Nikola T. Kašiković went on to become one of Bosnia and Herzegovina’s most important cultural figures. Under the auspices of the Serbian Teachers Association in Sarajevo in 1885, Kašiković and three other teachers at Miss Irby Teachers' College—Bozidar Nikašinović (b. 1863), Nikola Šumonja (1865-1927) and Stevo Kaluđerčić (1864-1948) -- founded the first Bosnian Serb literary-cultural journal, Bosanska vila (The Bosnian Muse) which was in circulation from 1885 until 1914. It rapidly became the most important journal in the country, as well as a leading cultural journal among South Slavs outside the region.
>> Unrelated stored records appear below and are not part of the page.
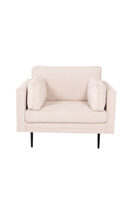 Boel fåtölj i manchester. Tillsammans med ben i metall. Benens mått: Höjd: 20,5cm. Fåtöljen och benen kräver enklare montering.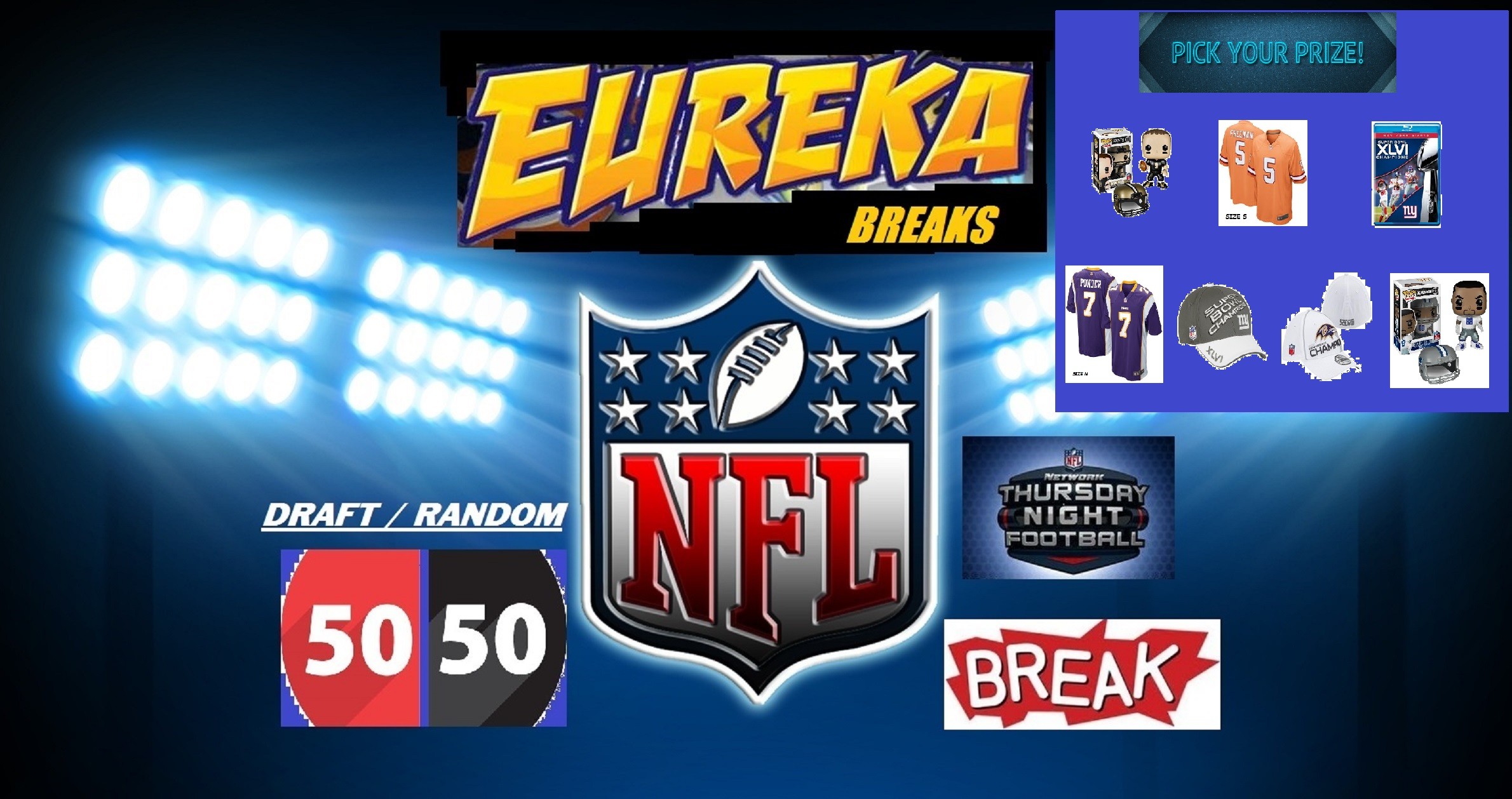#379 EUREKA SPORTS CARDS NFL 50-50 BREAK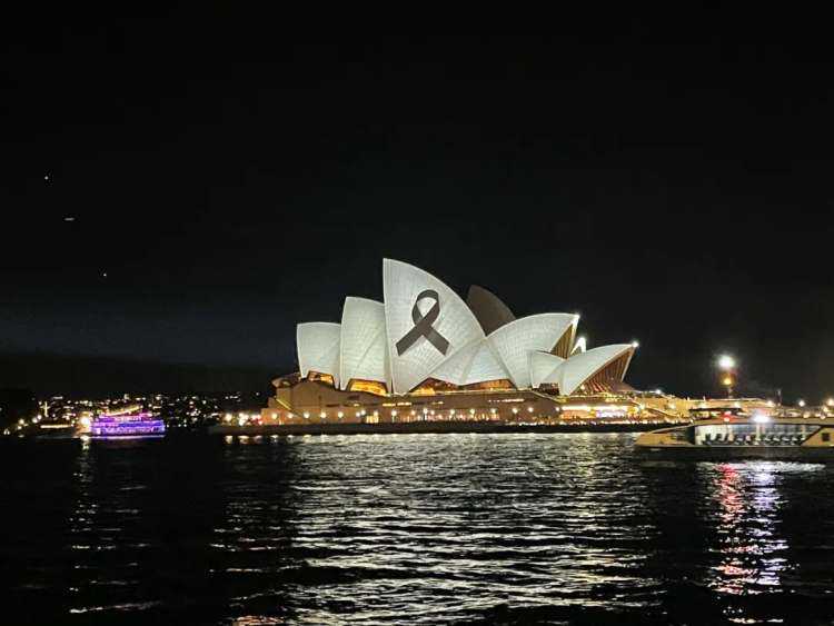 4月15日,悉尼歌剧院亮起悼念逝者的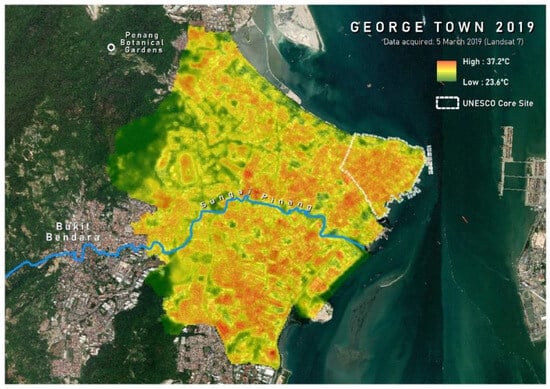 Land surface temperature of George Town, 2019. Source: Castelo et al., 2024 [41].

Bosanska vila published folklore, poetry, short stories, translations and reported on Serbian cultural events from across the Balkans. The journal served as a forum of discussion about not yet attained goals of education and literary and artistic collaborative works by a new generation of writers, namely Aleksa Šantić, Jovan Dučić, Veljko Petrović, Vladimir Ćorović, Svetozar Ćorović, Petar Kočić, Milan Prelog and others. As such, the people involved with the journal, particularly Nikola Kašiković, were constantly under the watchful eye of the authorities, monitored wherever they went.

In 1887, Nikola T. Kašiković took over the duties of two previous editors Bozidar Nikašinović (1885-1886) and Nikola Šumonja (1886-1887), and retained the same position for the next 26 years, until the outbreak of World War I, thanks to the efforts of his wife Stoja Kašiković.

When Nikola became ill and bed-ridden in 1891, Stoja Kašiković became the journal's (Bosanska Vila) acting editor-in-chief, moving the journal’s administrative headquarters from the Serb elementary schoolhouse to the Kašiković family residence. She also received assistance from an experienced administrator, Stevo Kaluđerčić. But like other women of her time, her work went mainly unrecognized and it was Kaludjerčić’s name that appeared on the 1891 masthead of each issue of the journal as editor-in-chief. After Nikola’s recovery the following year, Stoja continued to act as his trusted co-editor and collaborator, also contributing on occasion. Since a great number of subscribers lived in Belgrade, Nikola and Stoja were in correspondence with the intellectual crowd of that city, namely Milorad Pavlović and Isidora Sekulić. Stoja eventually did receive public acclaim for her cultural work. In 1910, historian and friend of the Kašiković couple, Vladimir Ćorović presented a comprehensive history of Bosanska Vila in his address on the occasion of the 25th anniversary of its founding. Nikola and Stoja Kašiković received decorations from the governments of Serbia and Montenegro. Also, the couple received a laurel wreath which was presented by the Philanthropic Organization of Serbian Ladies (Kolo srspski sestara), as a gesture of their appreciation.